- [Work instructions]: Only one stretch of the data should be retyped: the lines from the line containing "BODE is an expert" through the line containing "QUOTE(Bazis @ Jul". Keep pictures out of it.

Input records Block Start

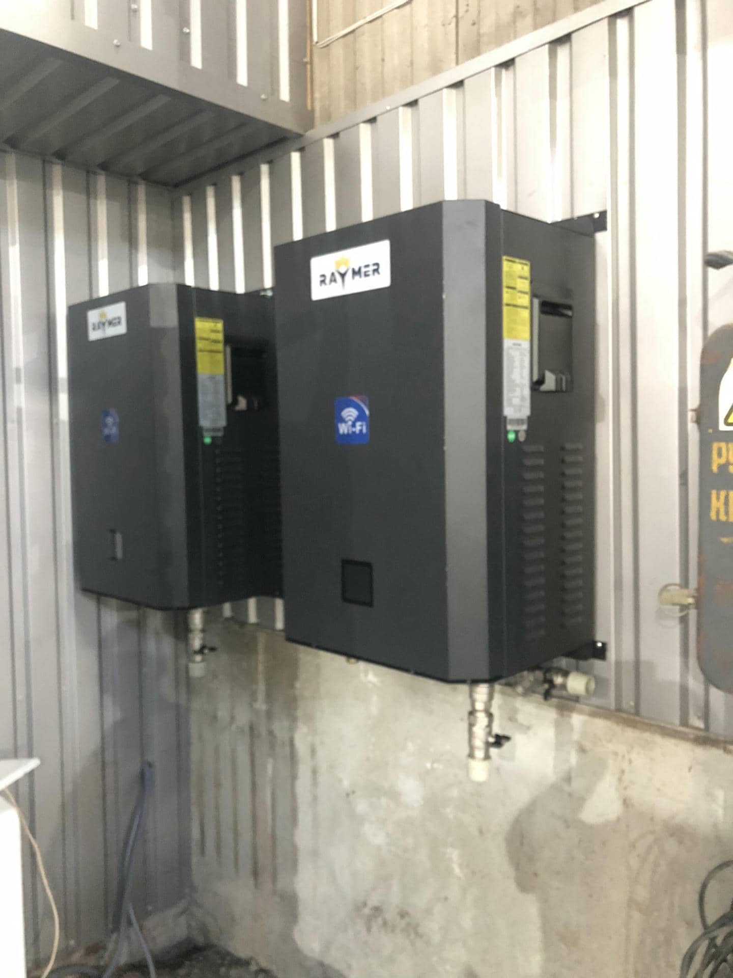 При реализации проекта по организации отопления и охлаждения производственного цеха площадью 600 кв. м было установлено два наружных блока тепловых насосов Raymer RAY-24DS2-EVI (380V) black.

Input records Block End
Input records Block Start

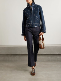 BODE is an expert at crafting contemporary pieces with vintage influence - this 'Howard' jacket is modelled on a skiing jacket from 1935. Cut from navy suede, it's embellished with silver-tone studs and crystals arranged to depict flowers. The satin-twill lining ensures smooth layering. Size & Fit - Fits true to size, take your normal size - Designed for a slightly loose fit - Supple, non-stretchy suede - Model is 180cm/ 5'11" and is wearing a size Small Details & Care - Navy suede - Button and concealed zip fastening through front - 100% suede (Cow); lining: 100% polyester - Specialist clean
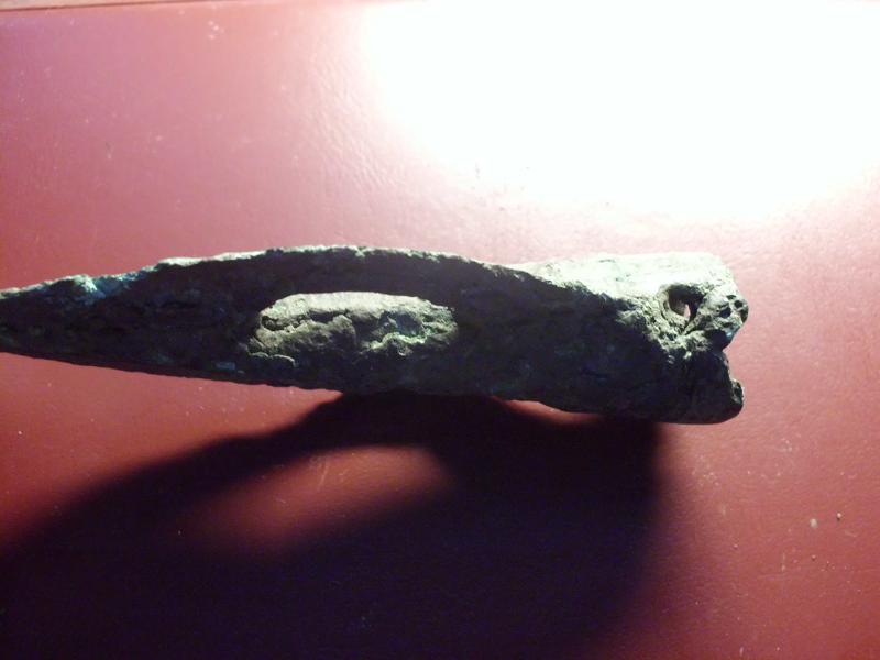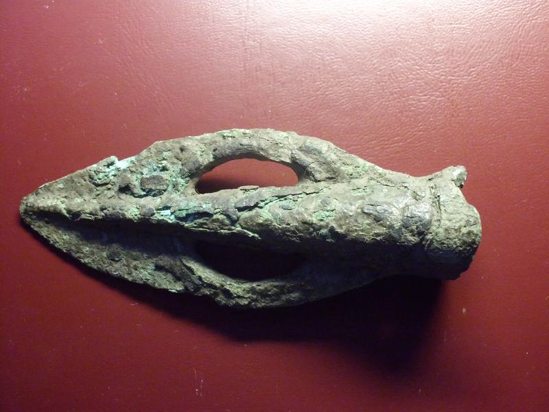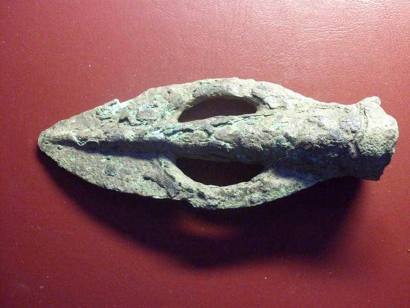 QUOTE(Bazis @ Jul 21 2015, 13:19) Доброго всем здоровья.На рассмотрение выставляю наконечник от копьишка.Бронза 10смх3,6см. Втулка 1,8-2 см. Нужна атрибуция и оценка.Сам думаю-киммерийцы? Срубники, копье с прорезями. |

Input records Block End

- [Task answer]:
 BODE is an expert at crafting contemporary pieces with vintage influence - this 'Howard' jacket is modelled on a skiing jacket from 1935. Cut from navy suede, it's embellished with silver-tone studs and crystals arranged to depict flowers. The satin-twill lining ensures smooth layering. Size & Fit - Fits true to size, take your normal size - Designed for a slightly loose fit - Supple, non-stretchy suede - Model is 180cm/ 5'11" and is wearing a size Small Details & Care - Navy suede - Button and concealed zip fastening through front - 100% suede (Cow); lining: 100% polyester - Specialist clean
 QUOTE(Bazis @ Jul 21 2015, 13:19) Доброго всем здоровья.На рассмотрение выставляю наконечник от копьишка.Бронза 10смх3,6см. Втулка 1,8-2 см. Нужна атрибуция и оценка.Сам думаю-киммерийцы? Срубники, копье с прорезями. |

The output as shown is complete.